From these heights, the Templars fell: afoul of the King of France, afoul of Lady Fortune, afoul of the swords raised against them on order by those who would have protected them.
Set against the backdrop of the Crusades, Dan Jones weaves a tale worthy of a tapestry: the Rise and Fall of the Templar Order.
Beowulf by Anonymous, Seamus Heaney (translator)
The best translation of the greatest English epic, featuring warriors, monsters, and dragons.
The Graveyard Book by Neil Gaiman
Family doesn’t end in blood. Family doesn’t even end in death. Nobody Owens can tell you that: he was raised by ghosts in graveyard. But as he grows, he must face the mysterious, tragic circumstances that brought him to this position in the first place.
A wonderful, though slightly chilling and creepy, tale of suspense from a living master of the genre.
Taverns of the American Revolution by Adrian Covert
I received this book in a Goodread’s giveaway some time ago. I only recently rediscovered it in my wife’s car, and read it in a short afternoon.
Despite the title, this is really a retelling of the American revolution, with tavern information in sidebars and feature boxes rather than as the main event.
In the first chapter alone, the author misuses the term “puritan” several times and speaks glowingly of so-called “historian” Howard Zinn.
With this bias made clear, it should be readily apparent that this book is suitable for establishing a drinking trip featuring historic sites, and nothing more.

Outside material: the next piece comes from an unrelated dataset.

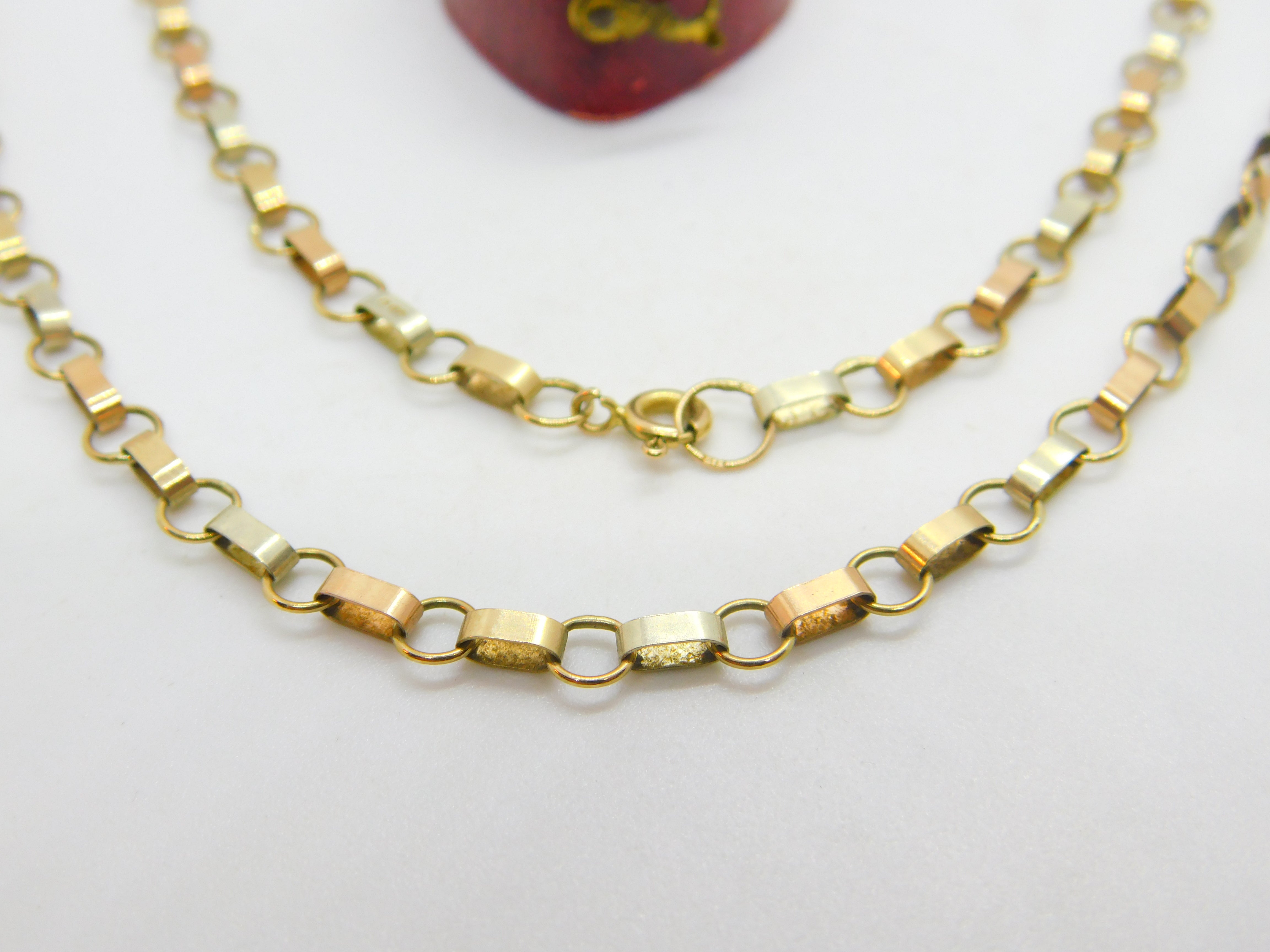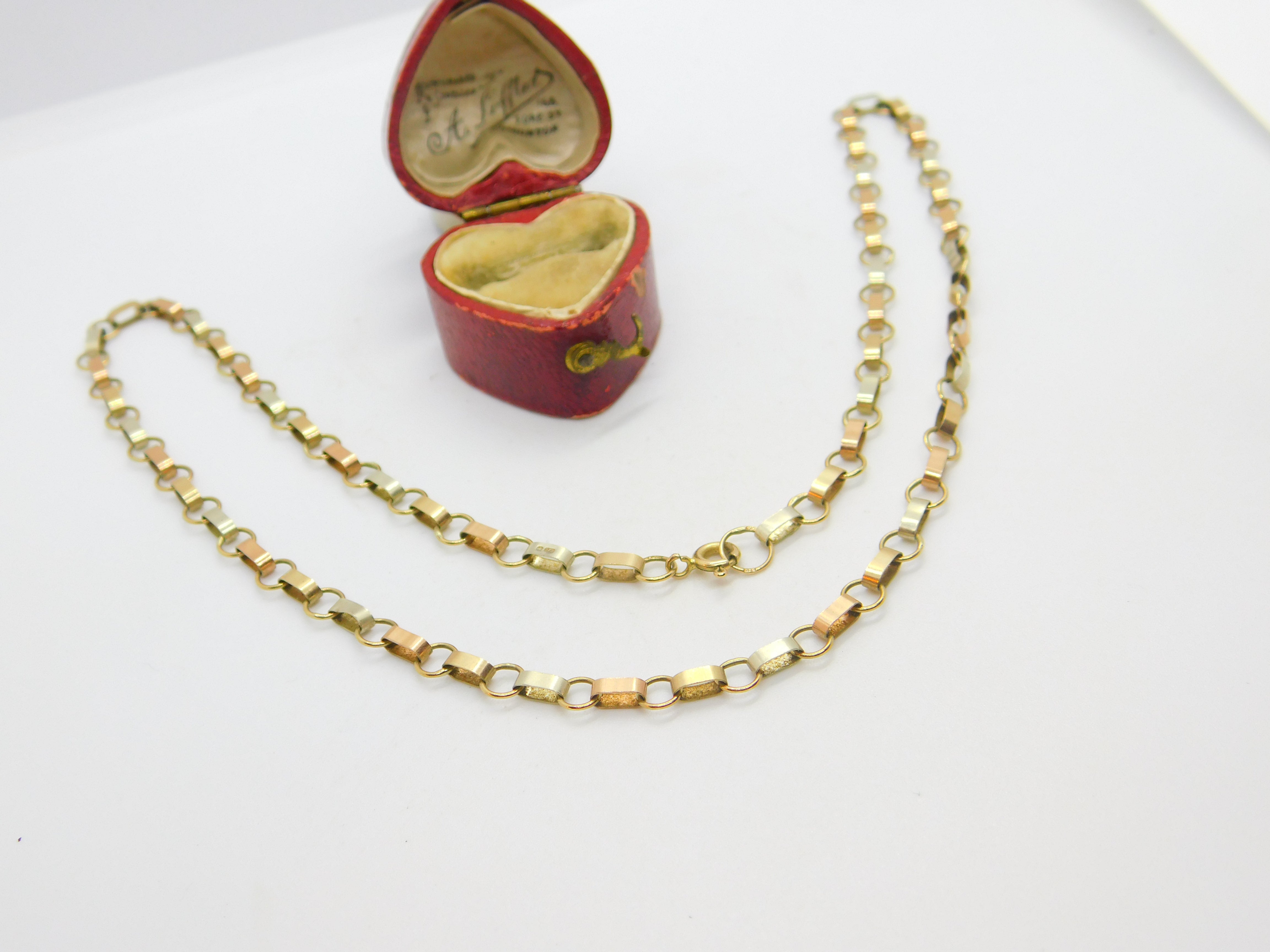 Tri-Colour 9ct Gold Cable Link Chain Necklace 18" Length Vintage 1984 London

The Snacking Dead: A Parody in a Cookbook by D.B. Walker
This is a cookbook centered around a parody of the Walking Dead. Suffice to say the plot is relatively unsatisfying, but as I’ve yet to make a single recipe, I cannot speak for the food itself.
I found the “tips” on each recipe to be the real humor; tips like “A long handled metal pizza peel is an ideal weapon for fighting the undead”.